Information: Begin
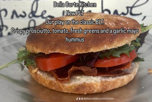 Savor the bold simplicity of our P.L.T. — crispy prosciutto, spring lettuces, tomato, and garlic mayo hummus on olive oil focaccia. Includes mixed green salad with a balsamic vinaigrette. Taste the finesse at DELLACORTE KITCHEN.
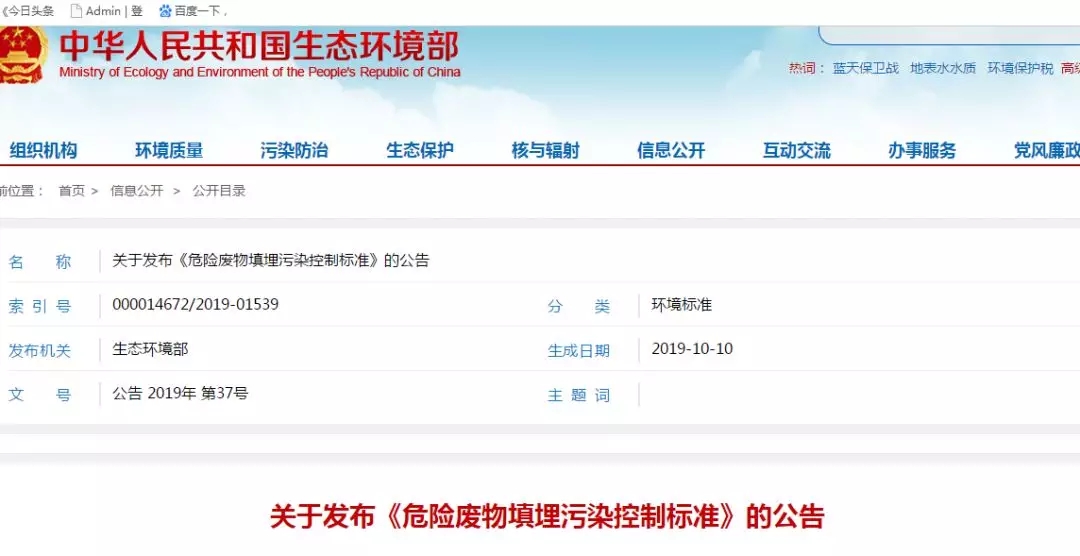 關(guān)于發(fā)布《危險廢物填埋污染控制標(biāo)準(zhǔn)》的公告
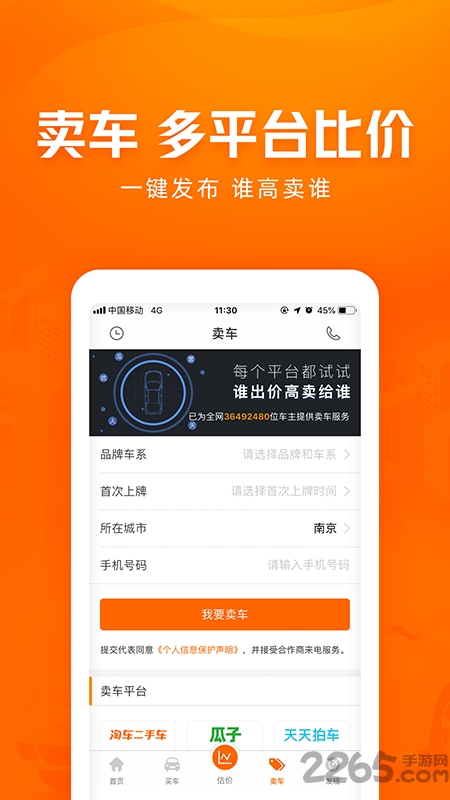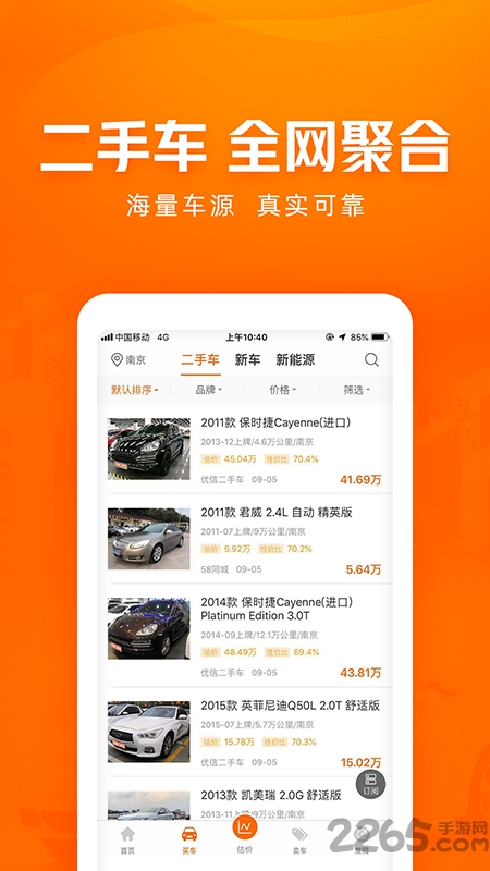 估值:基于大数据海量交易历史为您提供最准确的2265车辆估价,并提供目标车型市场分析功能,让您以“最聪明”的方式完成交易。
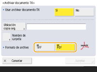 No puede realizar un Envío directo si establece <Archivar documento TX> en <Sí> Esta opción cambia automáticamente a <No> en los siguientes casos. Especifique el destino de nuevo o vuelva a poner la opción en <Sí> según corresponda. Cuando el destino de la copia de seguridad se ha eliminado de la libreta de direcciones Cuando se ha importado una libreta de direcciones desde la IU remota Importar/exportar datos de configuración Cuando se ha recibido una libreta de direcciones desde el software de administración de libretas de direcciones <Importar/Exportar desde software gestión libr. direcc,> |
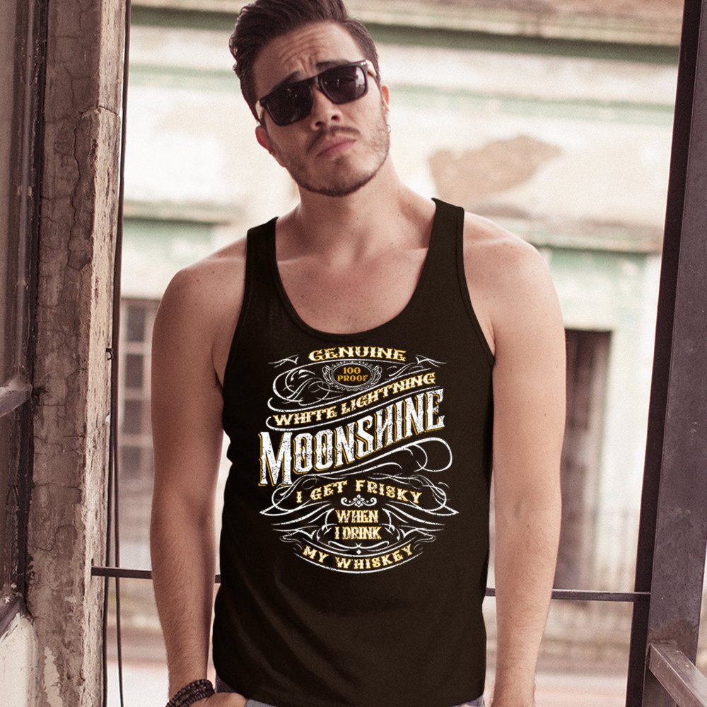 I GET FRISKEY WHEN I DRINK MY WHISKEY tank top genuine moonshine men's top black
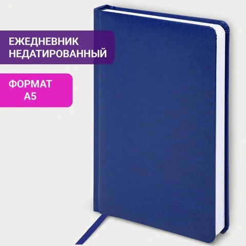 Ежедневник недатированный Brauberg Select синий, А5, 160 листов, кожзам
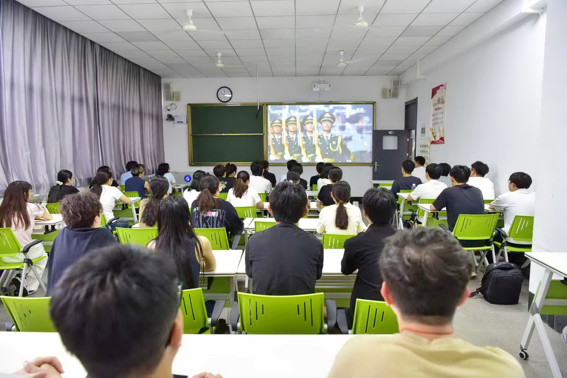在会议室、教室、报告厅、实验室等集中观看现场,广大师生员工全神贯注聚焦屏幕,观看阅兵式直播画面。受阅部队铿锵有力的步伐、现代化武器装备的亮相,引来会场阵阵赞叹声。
Information: End
Information: Begin
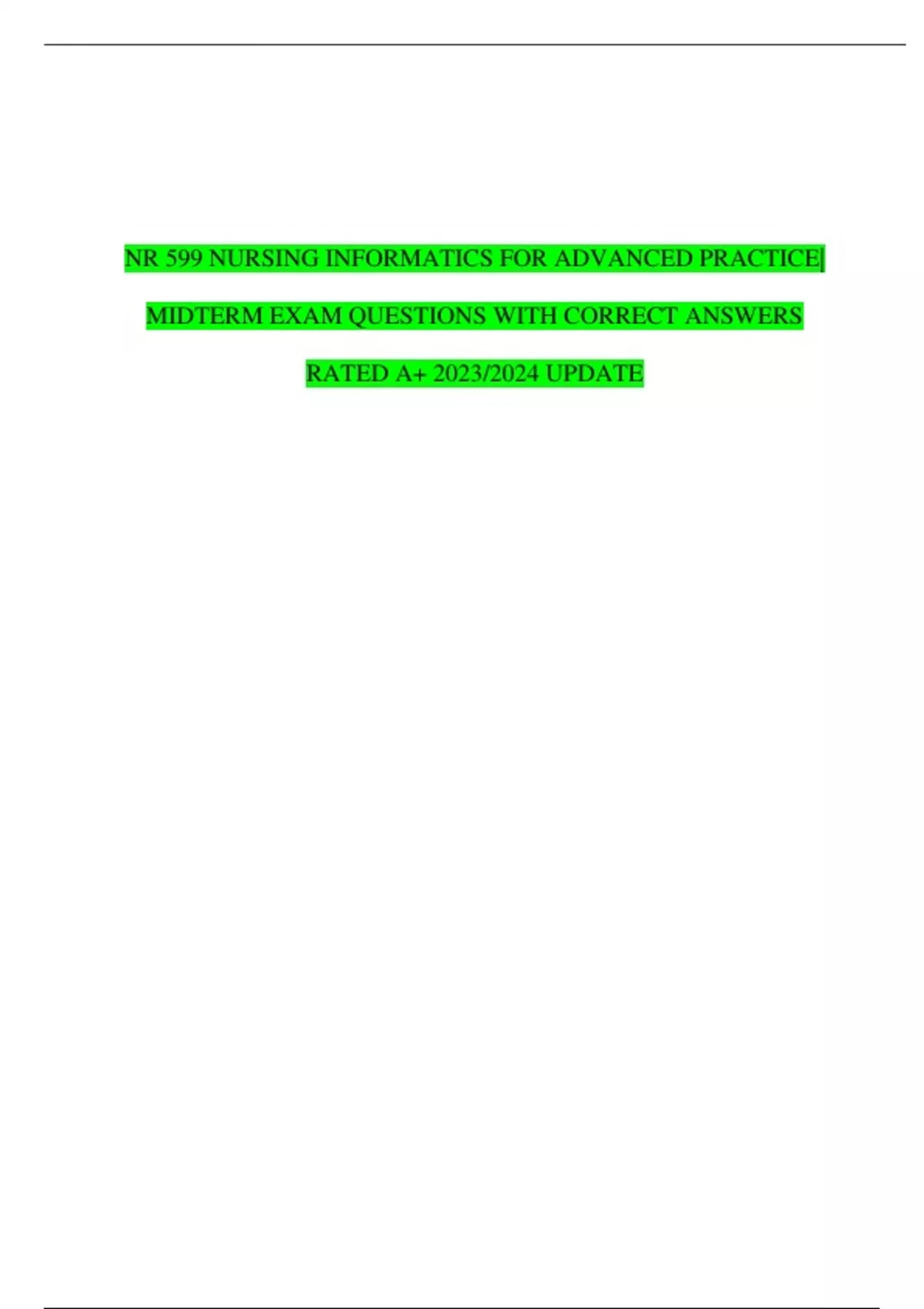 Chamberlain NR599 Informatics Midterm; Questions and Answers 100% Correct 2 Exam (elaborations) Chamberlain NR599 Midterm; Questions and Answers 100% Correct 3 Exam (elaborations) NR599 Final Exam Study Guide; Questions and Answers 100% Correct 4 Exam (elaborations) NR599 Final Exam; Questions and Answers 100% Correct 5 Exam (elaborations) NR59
Information: End
Problem —
Would you output the lines above from the line holding "Savor the bold" up to and including the line holding "在会议室、教室、报告厅、实验", exactly and only those, with no pictures?

Written answer —
 Savor the bold simplicity of our P.L.T. — crispy prosciutto, spring lettuces, tomato, and garlic mayo hummus on olive oil focaccia. Includes mixed green salad with a balsamic vinaigrette. Taste the finesse at DELLACORTE KITCHEN.
 關(guān)于發(fā)布《危險廢物填埋污染控制標(biāo)準(zhǔn)》的公告
 估值:基于大数据海量交易历史为您提供最准确的2265车辆估价,并提供目标车型市场分析功能,让您以“最聪明”的方式完成交易。
 No puede realizar un Envío directo si establece <Archivar documento TX> en <Sí> Esta opción cambia automáticamente a <No> en los siguientes casos. Especifique el destino de nuevo o vuelva a poner la opción en <Sí> según corresponda. Cuando el destino de la copia de seguridad se ha eliminado de la libreta de direcciones Cuando se ha importado una libreta de direcciones desde la IU remota Importar/exportar datos de configuración Cuando se ha recibido una libreta de direcciones desde el software de administración de libretas de direcciones <Importar/Exportar desde software gestión libr. direcc,> |
 I GET FRISKEY WHEN I DRINK MY WHISKEY tank top genuine moonshine men's top black
 Ежедневник недатированный Brauberg Select синий, А5, 160 листов, кожзам
在会议室、教室、报告厅、实验室等集中观看现场,广大师生员工全神贯注聚焦屏幕,观看阅兵式直播画面。受阅部队铿锵有力的步伐、现代化武器装备的亮相,引来会场阵阵赞叹声。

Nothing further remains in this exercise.